Growth in Nigeria’s manufacturing sector slowed to 1.49 percent in the first quarter of 2024 owing to worsening foreign exchange scarcity amid shrinking consumer spending and high borrowing costs.
Data from the GDP report shows that growth in the sector saw a marginal decline of 0.12 percent on a year-on-year basis from a 1.61 percent growth rate recorded in the first quarter of 2023 to 1.49 percent in the corresponding period of 2024.
On a quarter-on-quarter basis, the sector recorded a marginal increase of 0.12 percent from 1.38 percent in the fourth quarter of 2023 to 1.49 percent in the first quarter of 2024.

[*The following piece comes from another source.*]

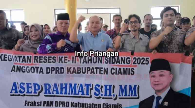 infopriangan.com, BERITA CIAMIS. Anggota DPRD Kabupaten Ciamis dari Fraksi PAN, Asep Rahmat, S.H., M.M., melaksanakan kegiatan Reses ke II Tahun Sidang 2025 di Desa Dewasari, Kabupaten Ciamis. Dalam kesempatan itu, ia menegaskan pentingnya membangun generasi unggul melalui pendidikan, kesehatan, serta pelestarian seni dan budaya. Kamis, (18/09/2025).
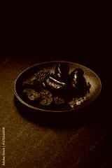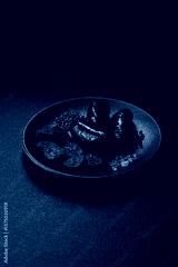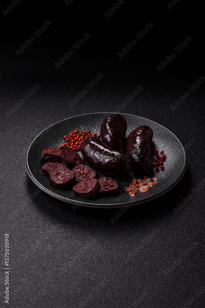 Blood sausage, pudding, meat food with lard and spices. Blood sausage

Experts in the sector had in January projected that the country’s manufacturing will maintain weak growth in the first quarter owing to the worsening challenges that have continued to impact growth negatively.
“The Nigerian economy has encountered significant challenges in recent years, including foreign exchange volatility, escalating energy costs, and food insecurity,” Francis Meshioye, president of the Manufacturers Association of Nigeria said in a May 23 note.
“These challenges have intensified inflationary pressures, adversely impacting consumers’ purchasing power and impeding the growth of the manufacturing sector,” Meshioye said.
“Consequently, production levels have declined, leading to reduced competitiveness within the industry,” he added.
Nigerian manufacturers need regular electricity, accessible roads, functional railways, new technology and incentives, all are crucial in driving growth and competitiveness in the sector.
However, Nigeria does not have adequate infrastructure to grow businesses, especially developed transport systems such as roads and railways connected to the nation’s seaports.
It is impossible to talk about infrastructure without discussing power. Energy is a key element of the production process. Nigeria’s inability to supply and distribute sufficient electricity has left businesses at the mercy of generators powered by diesel and petrol, whose prices have surged in recent months.
This raises the production costs for manufacturers significantly and forecloses their chances of competing with international peers.
According to the Manufacturers Association of Nigeria (MAN), manufacturers spend 40 percent of their total production cost on generating energy for their businesses.
In a June 2023 statement, the association put the annual economic loss caused by the inadequate power supply at N10 trillion, accounting for almost two percent of the country’s Gross Domestic Product.
Capacity utilisation in the manufacturing sector is 56.5 percent, as against 57.9 percent in 2022.
The naira has lost 69 percent of its value against the dollar since the country’s FX reforms at the Nigeria Autonomous Foreign Exchange Market (NAFEM), data compiled by BusinessDay from the FMDQ indicated.
The worsening FX volatility is inflicting more pain on businesses as the cost of production doubled amid low demand from cash-strapped consumers dealing with inflationary pressures.
Also, the sector contribution to gross domestic products (GDP) in the first quarter of 2024 slowed to 9.98 percent, lower than the 10.13 percent recorded in the same period of 2023 and higher than the 8. 23 percent in the fourth quarter of 2023.